I used to get very expressive delivery but now everything seems monotone like the AI is bored. Last Saturday, this was working as expected but last night (Wednesday) the voice was different.
It seems to be an actual update to the TTS model. But I found a fix, I think.
It seems that gpt-4o-mini-tts and gpt-4o-mini-tts-2025-12-15 are broken but gpt-4o-mini-tts-2025–03-20 still works. I think. It seems to, I need to test it more but I think that must be what we were using before and things got switched up.
Instructions: Voice: Deep, hushed, and enigmatic, with a slow, deliberate cadence that draws the listener. Phrasing: Sentences are short and rhythmic, building tension with pauses and carefully placed suspense. Punctuation: Dramatic pauses, ellipses, and abrupt stops enhance the feeling of unease and anticipation. Tone: Dark, ominous, and foreboding, evoking a sense of mystery and the unknown.

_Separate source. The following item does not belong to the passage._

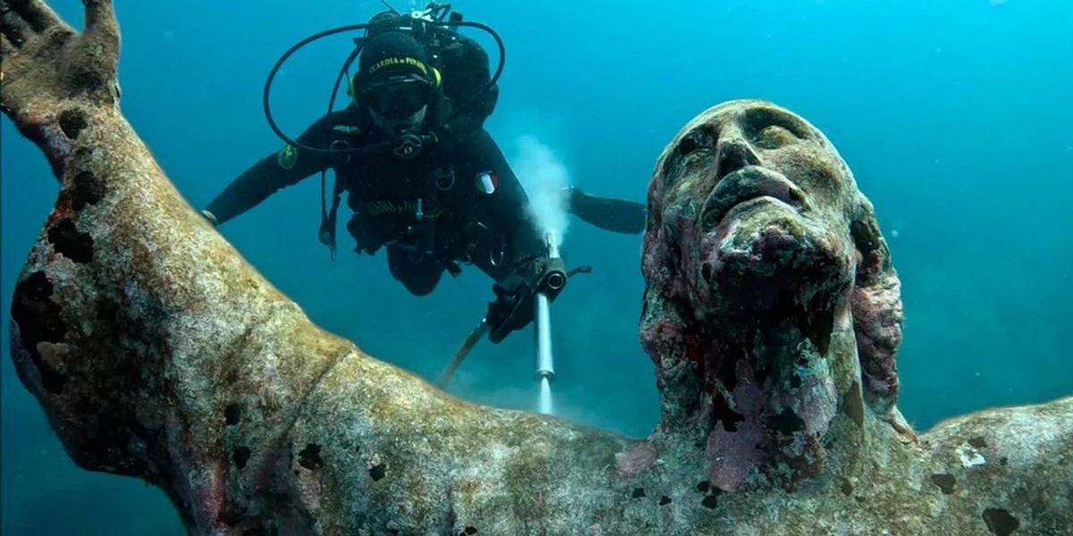 Limpiaron la escultura del Cristo del Abismo a 17 metros bajo el mar en Italia
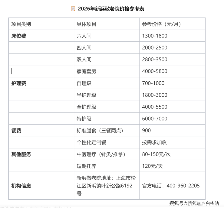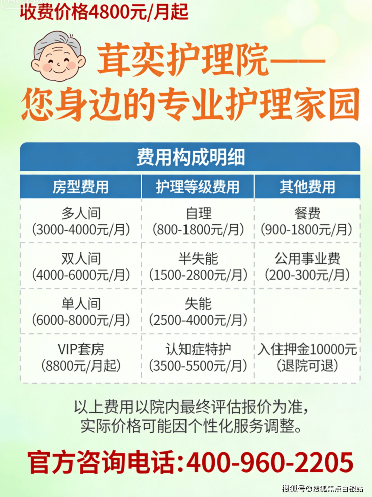 收费价格:4800元/月起。费用通常包含床位费、基础护理费及餐费,具体根据护理等级和房型有所调整。作为专业护理院,其价格定位体现了医疗护理服务的专业价值。

You are right. The instructions were not properly followed - resulted in a rather bland mood.
EDIT: Just tested with a completely different voice instruction and the result was not much different from the first.

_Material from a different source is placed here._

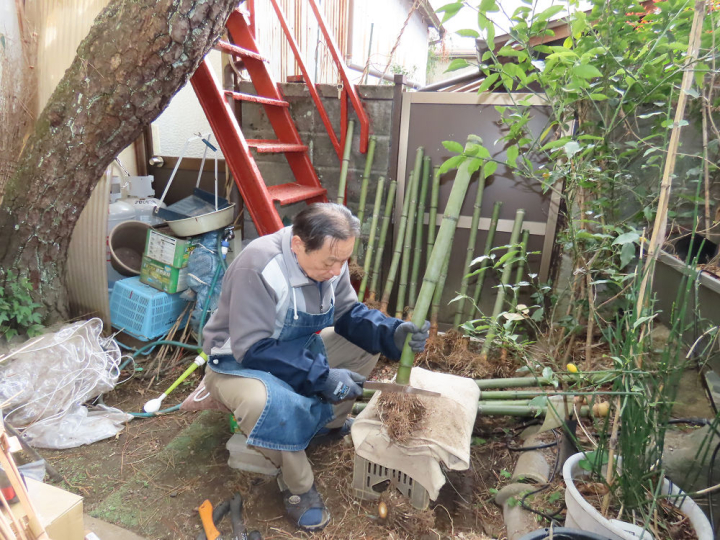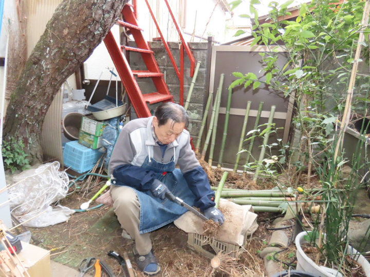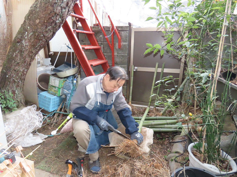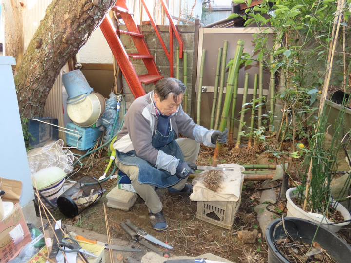 地無し尺八製作(その2)(2026.1.9)竹の根の始末作業

This is very disappointing. I don’t use snapshot models.
I have a daily automation that sends me an audio message using the gpt-4o-mini-tts model along with a fixed set of instructions for emotion and tone.

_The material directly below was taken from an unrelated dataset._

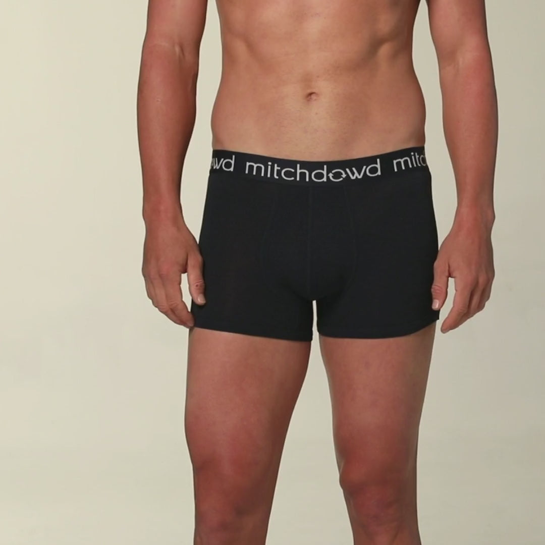 Upgrade your underwear drawer with the best selling Mitchdowd Men’s Bamboo Mid Length Trunks 3-Pack in Black, your everyday style essential. Crafted from super soft bamboo pulp fibre, these men’s bamboo trunks are moisture-wicking, lightweight, and luxuriously soft with a smooth, silk like feel.

The audio I received on Tuesday (1/13/25) sounded great and matched the expected tone. However, the one from Wednesday (1/14/25) was awful!! Completely monotone, no expression at all. Just flat and boring.
I re-ran the automation manually, in case it was a one-off execution issue, but that didn’t help! Then on Thursday (1/16/25), I got the same strange result again.
I tried the recommendation mentioned in this thread and switched to the gpt-4o-mini-tts-2025-03-20 model. After a few manual runs, the audio now seems to have the correct tone and emotion based on the instructions, and the results are consistent with what I was getting before.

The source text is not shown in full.